Here’s the second part of the unedited version of Aurelio Major and Valerie Miles’s introduction to the special issue of Granta dedicated to “Young Spanish Novelists.” Part I is available here and you can download a Word doc of the entire piece by clicking here.

Enjoy!

To select the young writers within the last named context we invited four writers, who exercise the trade in diverse ways from a variety of origins to serve as jurors, each offering a somewhat detached vision of the spirit of what is being written in this language: the Argentine writer and filmmaker Edgardo Cozarinsky, who has lived between Paris and Buenos Aires for many decades; the British journalist Isabel Hilton, previously a correspondent in South America who currently divides her time between England and China and the jury member who is the most involved in public affairs, together with the novelist Francisco Goldman, American of Guatemalan descent (whose influence has also been decisive in the publication of many Hispanic American writers in the US, among them Bolaño), and who lives between New York and Mexico City; and the Catalan writer and literary critic, Mercedes Monmany, who lives in Madrid.
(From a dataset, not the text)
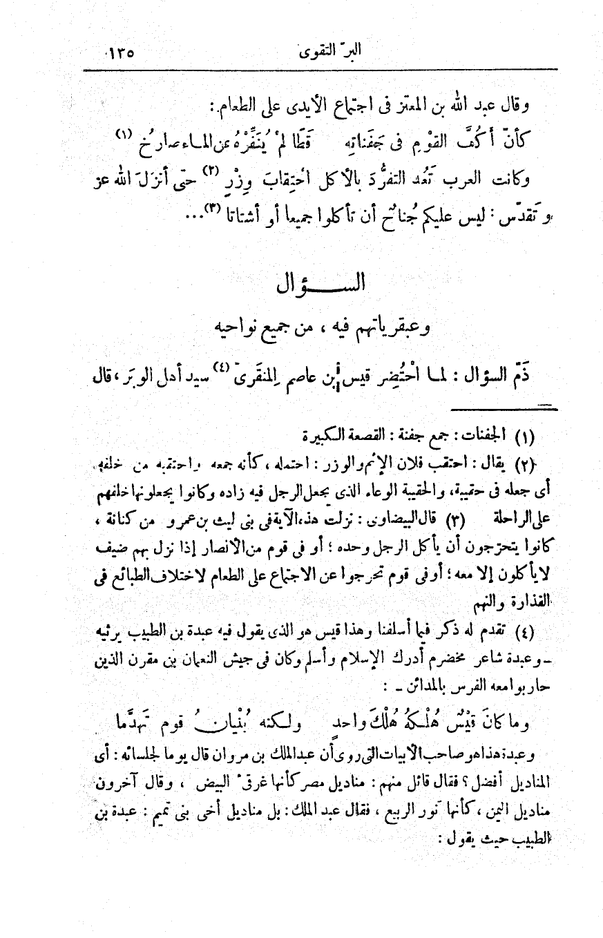 وكانت العرب تعدُّ التفرَّدَ بالأكل احتقابَ وِزْرٍ حتى أنزل الله عز وتقدّس: (ليس عليكم جناحٌ أن تأكلوا جميعاً أو أشتاتاً). . .

Those who write these lines make up the last two members of the jury, writers and editors, one an American and the other a Canadian-Mexican who have both lived in Barcelona for a very long time. So, endowed with our inevitable prejudices and carefully cultivated arbitrariness, we chose twenty-two authors. We reiterate the fact that this verdict does not constitute any kind of manifesto, nor is it the fruit of a marketing scheme between an editor and a literary agent. Best of Young Spanish Language Novelists aims to offer a true-to-life portrait of the vitality, the diversity—it deals with individual talents—that thrive in the contemporary literature (literatures?) of the Spanish language.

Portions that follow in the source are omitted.